╭─ Input for this task

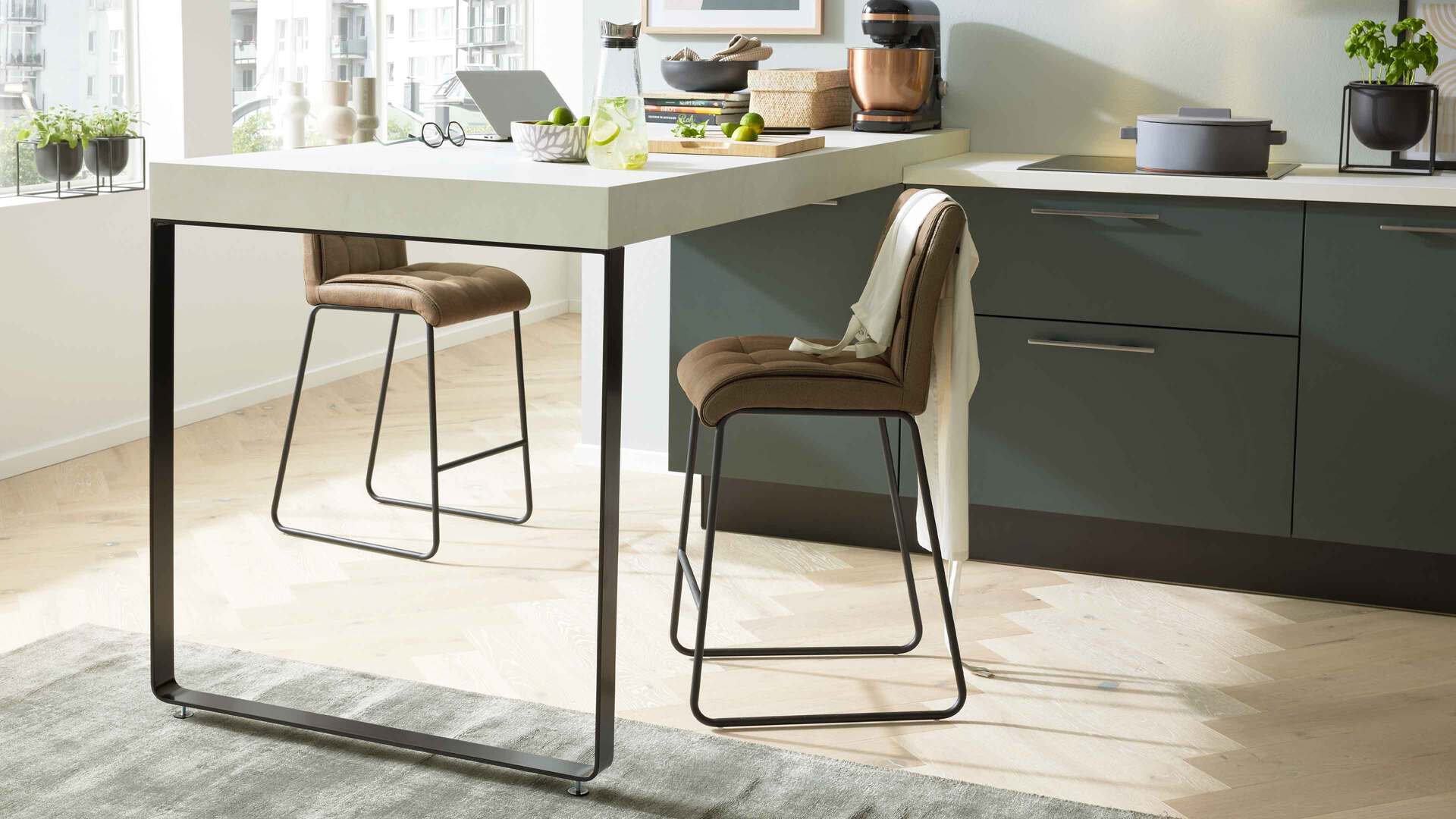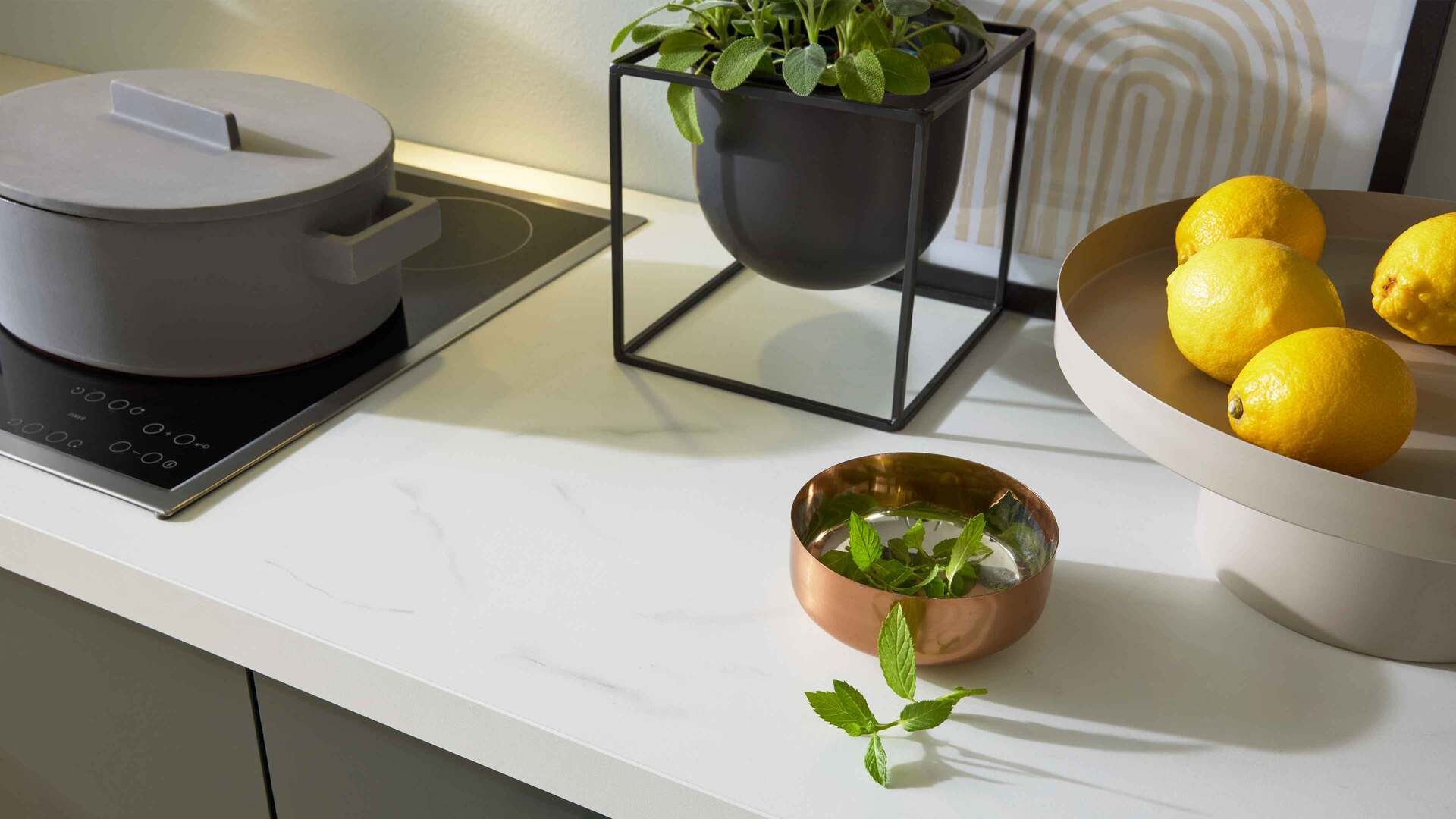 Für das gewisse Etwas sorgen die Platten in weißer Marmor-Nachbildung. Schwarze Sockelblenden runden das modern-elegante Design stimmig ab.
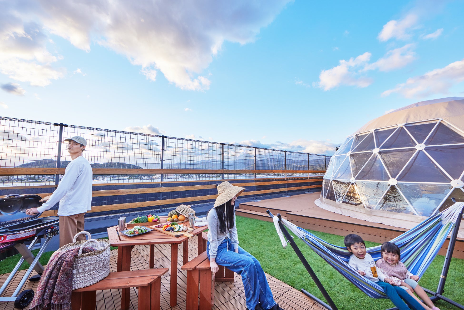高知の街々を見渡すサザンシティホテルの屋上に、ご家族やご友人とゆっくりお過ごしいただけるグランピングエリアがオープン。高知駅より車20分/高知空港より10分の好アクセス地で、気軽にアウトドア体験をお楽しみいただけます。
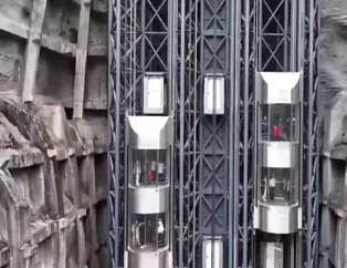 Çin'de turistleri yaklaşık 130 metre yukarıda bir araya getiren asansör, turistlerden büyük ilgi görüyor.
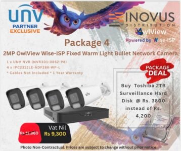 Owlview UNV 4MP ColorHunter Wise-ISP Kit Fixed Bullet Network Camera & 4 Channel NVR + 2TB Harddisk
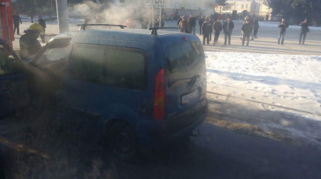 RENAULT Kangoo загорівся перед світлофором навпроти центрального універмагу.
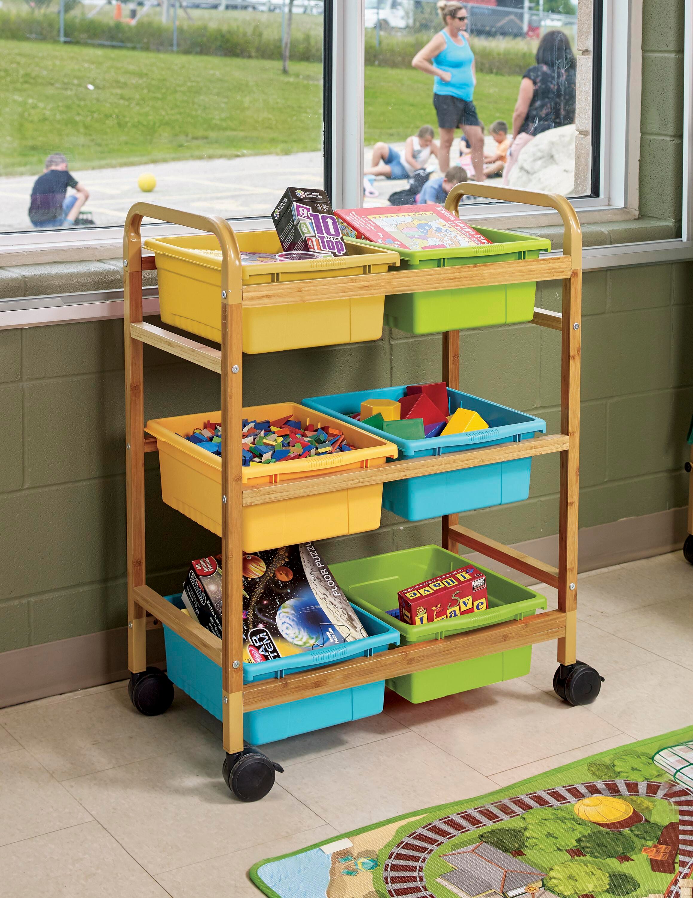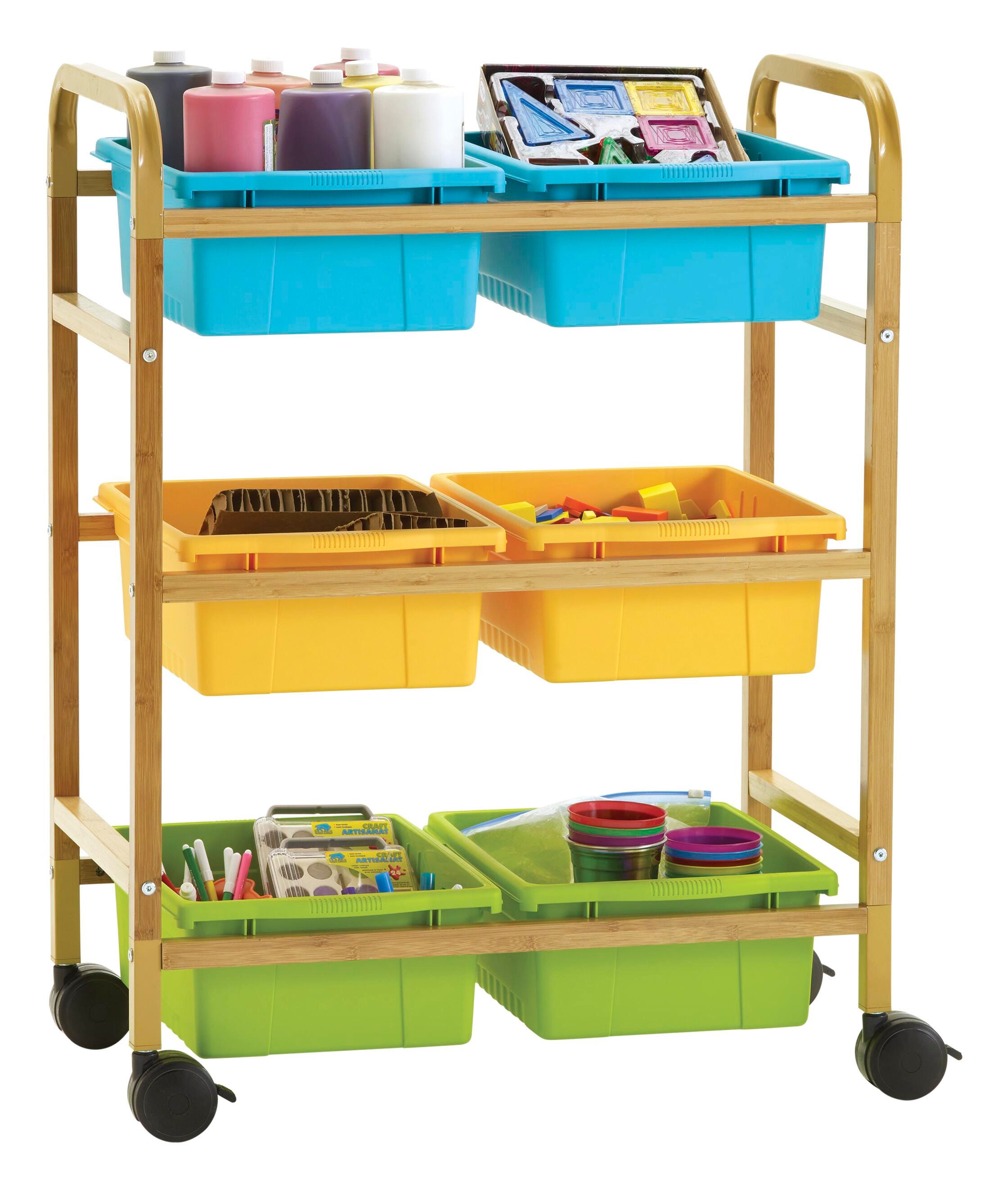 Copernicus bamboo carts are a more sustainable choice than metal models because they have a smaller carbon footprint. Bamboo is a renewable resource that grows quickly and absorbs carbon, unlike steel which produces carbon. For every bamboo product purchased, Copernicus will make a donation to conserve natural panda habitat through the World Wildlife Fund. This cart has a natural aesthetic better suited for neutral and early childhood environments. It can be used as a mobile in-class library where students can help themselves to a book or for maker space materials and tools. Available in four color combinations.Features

╰─
╭─ Input for this task

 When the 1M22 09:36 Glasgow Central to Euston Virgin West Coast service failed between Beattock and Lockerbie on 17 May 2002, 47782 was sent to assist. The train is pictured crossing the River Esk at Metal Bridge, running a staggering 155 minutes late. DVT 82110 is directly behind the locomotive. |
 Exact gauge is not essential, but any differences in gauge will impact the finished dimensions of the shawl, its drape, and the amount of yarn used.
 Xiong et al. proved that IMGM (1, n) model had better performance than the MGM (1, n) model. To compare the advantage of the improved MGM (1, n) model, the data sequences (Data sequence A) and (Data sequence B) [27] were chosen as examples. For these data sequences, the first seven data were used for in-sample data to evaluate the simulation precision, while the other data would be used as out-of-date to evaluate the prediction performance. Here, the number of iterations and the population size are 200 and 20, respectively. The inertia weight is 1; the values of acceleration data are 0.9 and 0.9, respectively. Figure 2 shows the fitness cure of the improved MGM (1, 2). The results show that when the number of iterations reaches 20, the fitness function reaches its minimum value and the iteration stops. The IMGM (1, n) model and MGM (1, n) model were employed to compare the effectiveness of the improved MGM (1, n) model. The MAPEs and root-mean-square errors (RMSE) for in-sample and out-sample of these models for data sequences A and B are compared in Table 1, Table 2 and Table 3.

╰─

Exercise details:
Nothing but the lines above, starting at the line that contains "Für das gewisse" and ending at the line that contains "高知の街々を見渡すサザンシテ", should be given again, exactly and without the pictures.

Result:
 Für das gewisse Etwas sorgen die Platten in weißer Marmor-Nachbildung. Schwarze Sockelblenden runden das modern-elegante Design stimmig ab.
高知の街々を見渡すサザンシティホテルの屋上に、ご家族やご友人とゆっくりお過ごしいただけるグランピングエリアがオープン。高知駅より車20分/高知空港より10分の好アクセス地で、気軽にアウトドア体験をお楽しみいただけます。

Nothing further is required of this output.